Answer
See below:
Work Step by Step
We have to draw the graph of the function $f\left( x \right)={{\left( x-2 \right)}^{2}}-1$ as follows:
Step 1:
Find the vertex by comparing with standard form of the equation ${{\left( x-h \right)}^{2}}=4a\left( y-k \right)$:
Vertex is at $\left( 2,-1 \right)$.
Step 2:
Also, find the $x-\text{intercept}$ and $y-\text{intercept}$.

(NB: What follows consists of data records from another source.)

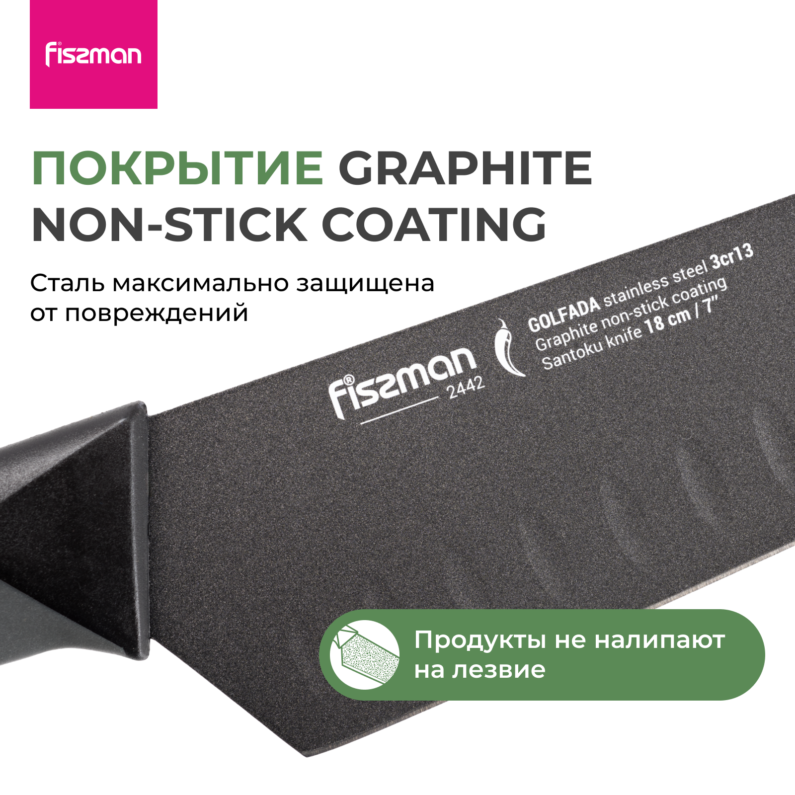 2442 FISSMAN Нож Сантоку GOLFADA 18см с покрытием Graphite (3Cr13 сталь)
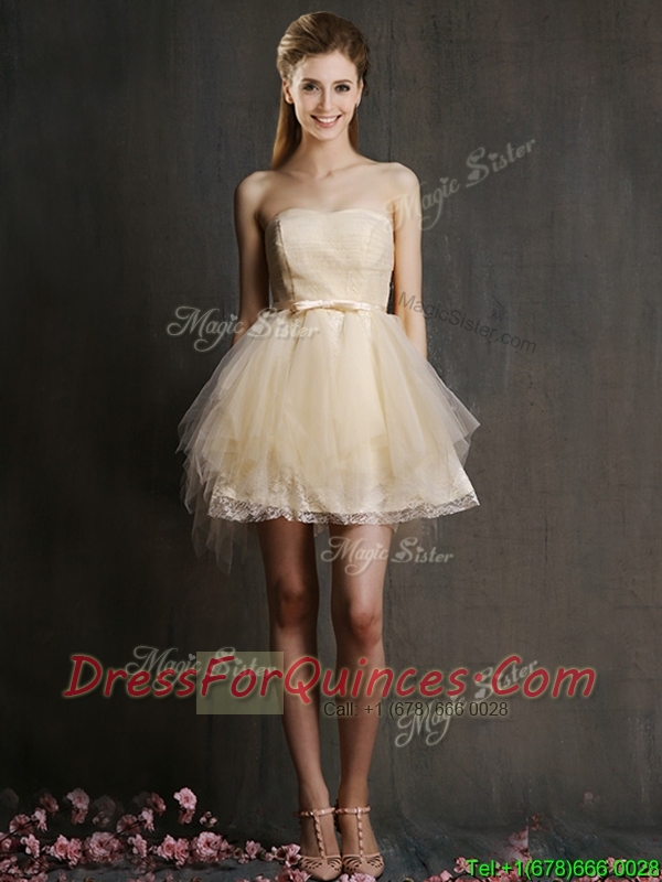 Hot Sale Mini Length Tulle Dama Dresses with Belt
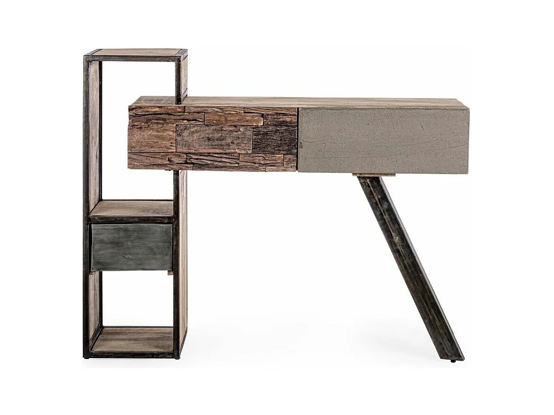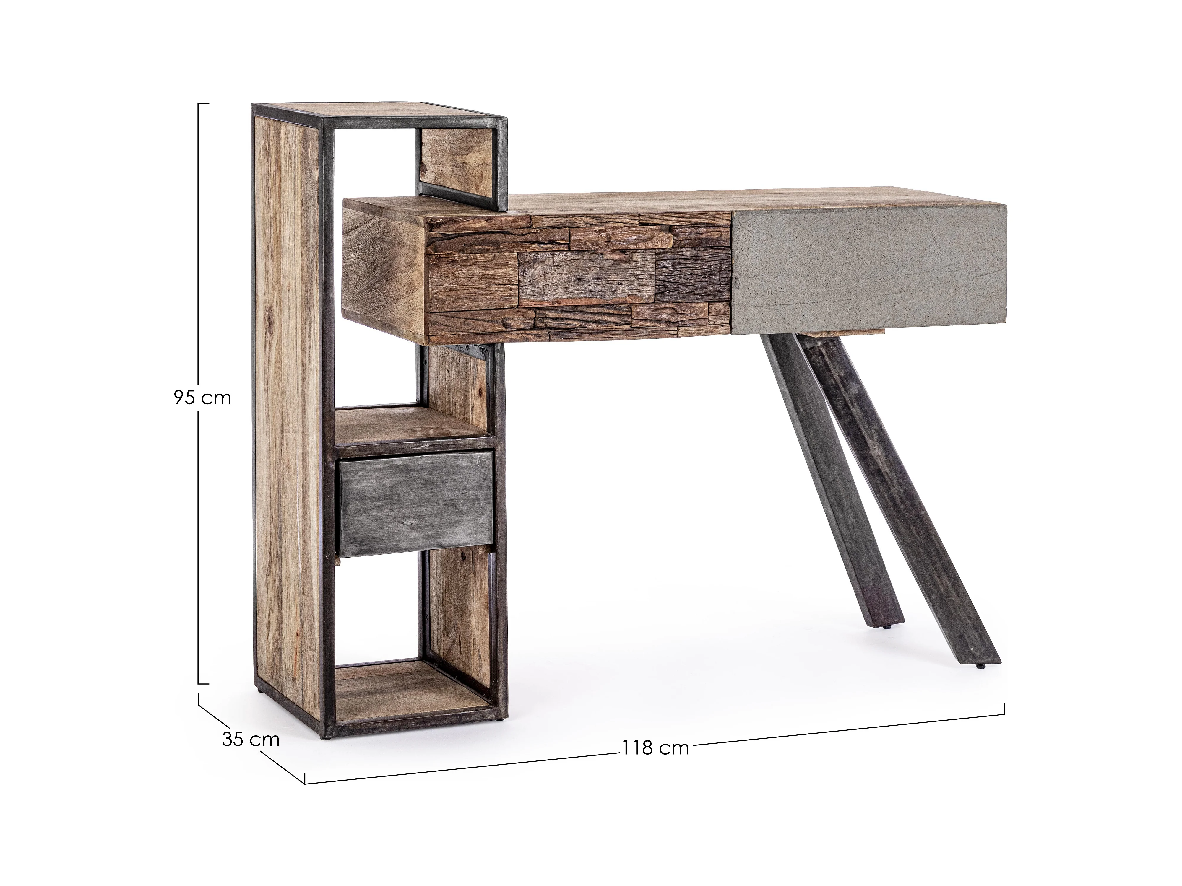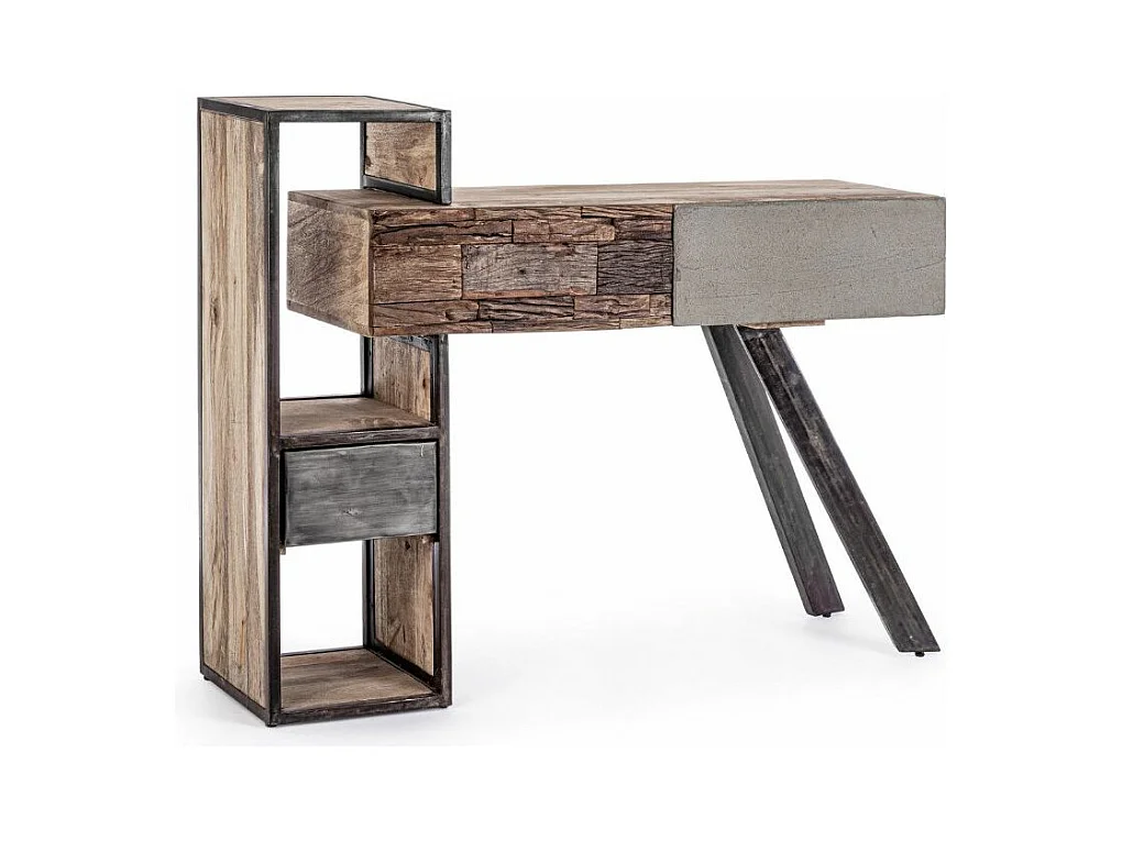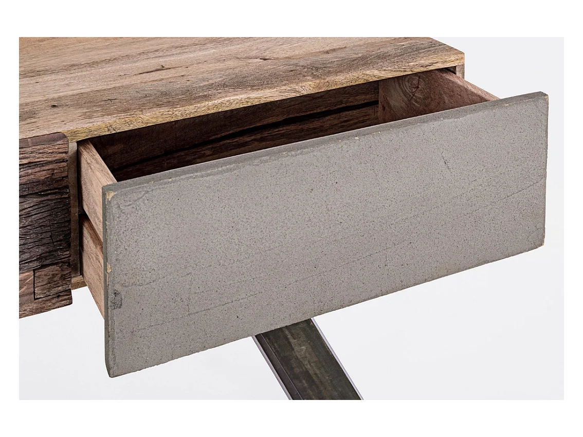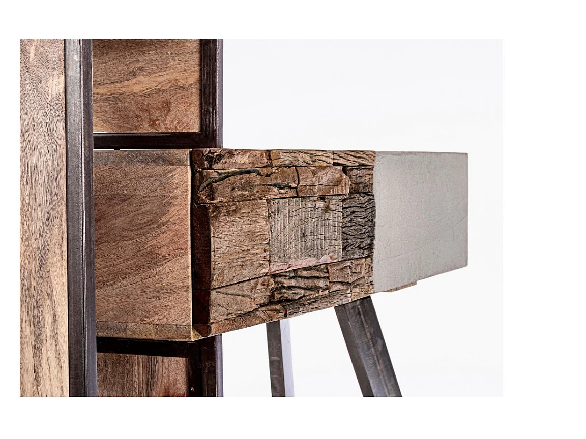 Console 2 tiroirs industrielle bois de manguier recyclé et acier noir Kramer 118cm

The $x-\text{intercept}$ is as follows:
Let $y=0$ in equation (I), then
$\begin{align}
& y={{\left( x-2 \right)}^{2}}-1 \\
& 0={{\left( x-2 \right)}^{2}}-1 \\
& \pm \sqrt{1}=x-2
\end{align}$
$x=3$ And $1$
So, intercepts are $\left( 3,0 \right)$ and $\left( 1,0 \right)$.
And the $y-\text{intercept}$ is as follows:
Place $x=0$ in equation (I):
$\begin{align}
& y={{\left( x-2 \right)}^{2}}-1 \\
& y={{\left( 0-2 \right)}^{2}}-1 \\
& y=4-1 \\
& y=3
\end{align}$
So, the intercept is $\left( 0,3 \right)$.
Step 2:
Now, use a smooth curve to join the intercept points.
And the graph of the function $f\left( x \right)={{\left( x-2 \right)}^{2}}-1$ intersects the $x-\text{axis}$ at the point $\left( 1,0 \right),\left( 3,0 \right)$ and $y-\text{axis}$ at the point $\left( 0,4 \right)$.